Do you have a soft heart of flesh or is your heart hard and cold like a
stone?
The psalmist writes in Psalm 119:11 “Your word I have hidden
in my heart that I might not sin against You.” Again in Psalm 139:23 The
psalmist cries out for correction “Search me O God, and know my heart; test me
and know my anxious thoughts.” It is so important to take time to evaluate our
heart condition and even more important to ask God to search our hearts, soften
our hearts and help us in the task of learning how we ought to love one
another.
God instructed Moses in
the book of Deuteronomy 6:4 “Hear O Israel: The Lord our God, the Lord is one.
Love the Lord your God with all your heart and with all your soul and with all
your strength.” Then later in 15:7 God commands Moses “you shall not harden your
heart nor shut your hand from your poor brother”.
I can’t begin to list all 870 individual verses that have to
deal with our hearts but one verse really caught my attention.
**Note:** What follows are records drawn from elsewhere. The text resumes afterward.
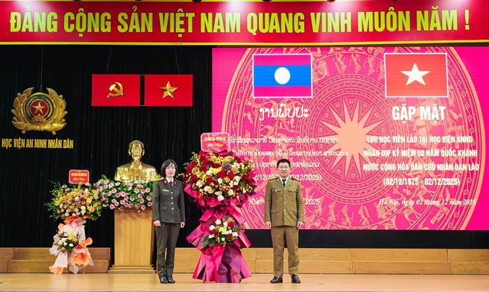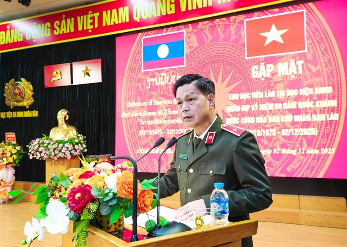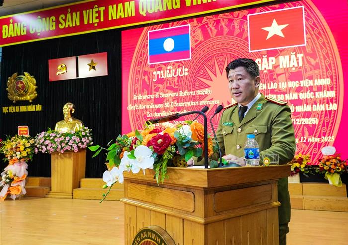 Thay mặt Đảng uỷ, Ban Giám đốc Học viện ANND, TS, Thiếu tướng Nguyễn Văn Thiết - Phó Giám đốc Học viện chúc mừng lưu học viên Lào đang học tập tại Học viện nhân dịp kỷ niệm 50 năm Ngày Quốc khánh nước Cộng hoà Dân chủ nhân dân Lào. Đồng chí Phó Giám đốc khẳng định, trong những năm qua, thực hiện chương trình hợp tác toàn diện giữa Bộ Công an Việt Nam và Bộ Công an Lào, Học viện đã và đang đào tạo, bồi dưỡng hàng trăm cán bộ an ninh Lào ở các bậc học, trình độ. Đào tạo cán bộ an ninh có trình độ cao cho Bộ Công an Lào là nhiệm vụ quốc tế cao cả mà Đảng, Nhà nước, Bộ Công an Việt Nam tin cậy giao cho Học viện. Đồng chí Phó Giám đốc cũng nhấn mạnh, Học viện ANND đã cử nhiều đoàn cán bộ, giảng viên, chuyên gia sang hỗ trợ, giúp đỡ Học viện An ninh nhân dân Lào xây dựng chương trình đào tạo, cung cấp hệ thống giáo trình, tài liệu dạy học, điều đó đã minh chứng cho tình đoàn kết gắn bó đặc biệt giữa Bộ Công an Việt Nam - Bộ Công an Lào và giữa Học viện ANND Việt Nam và Học viện ANND Lào ngày càng vững mạnh.
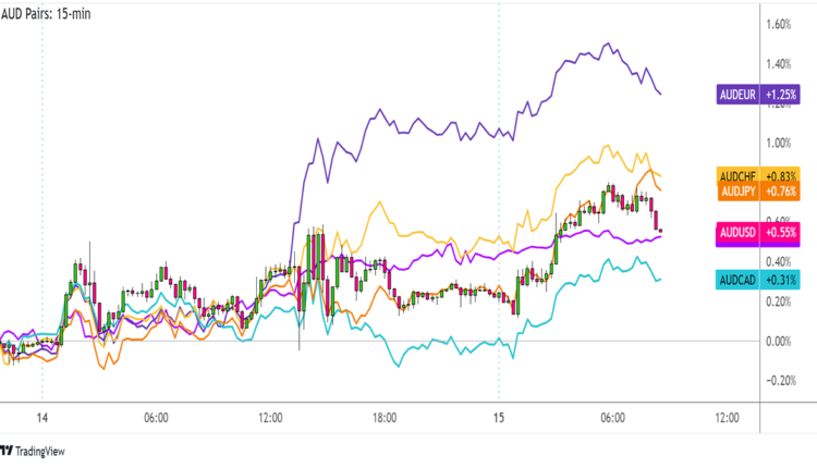 Overlay of AUD Pairs: 15-min Charts
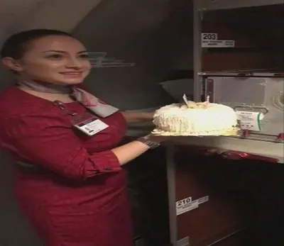 Kaptan pilotun anonsu ve ardından kabin ekiplerinin doğum günü pastası karşısında şaşıran Hanözü, uçaktaki diğer yolcuların alkışları eşliğinde pastayı kesti. İdlib gazisi sürpriz doğum günü kutlaması için ekibe teşekkür ederken, bu özel anlar da cep telefonu kamerası tarafından kaydedildi.

I found it in the book of Ezekiel 36:25-26, speaking
of the re-gathering of the nation of Israel “Then I will sprinkle clean water
on you, and you shall be clean; I will cleanse you from all your filthiness and
from all your idols. I will give you a new heart and put a new spirit within
you; I will take the heart of stone out of your flesh and give you a heart of
flesh.”
Soft, undivided hearts is what God wants all of us to have.
Putting aside childish selfishness and really reaching out to the myriad of
people living all around us. All the while watching us from His perch in eternity
He sees the better road for us to travel and yearns for us to walk with Him, being
filled with Him and pouring out our lives into a world of parched and dry lost
souls.
In the precious words of Jesus from His last night on the
earth, “Let not your hearts be troubled; you believe in God, believe also in
Me. In my Father’s house are many mansions; if it were not so I would have told
you. I go to prepare a place for you. And if I go to prepare a place for you, I
will come again and receive you to Myself; That where I am, there you may be
also.” Then as Jesus answers the beloved Thomas’ question as to the way to get
to the Father Jesus replies, “I am the way, the truth, and the life: No one
comes to the Father except through Me.”
So as the season’s galas continue, trick or treat will eventually yield to a more savory
Thanksgiving feast, may I suggest that we all take some time to ask God to
search our hearts. Sprinkling us with clean water and putting a new spirit
within, then maybe soon we will have new, soft hearts of flesh in time to
celebrate with all men the wondrous gift of Christmas morning.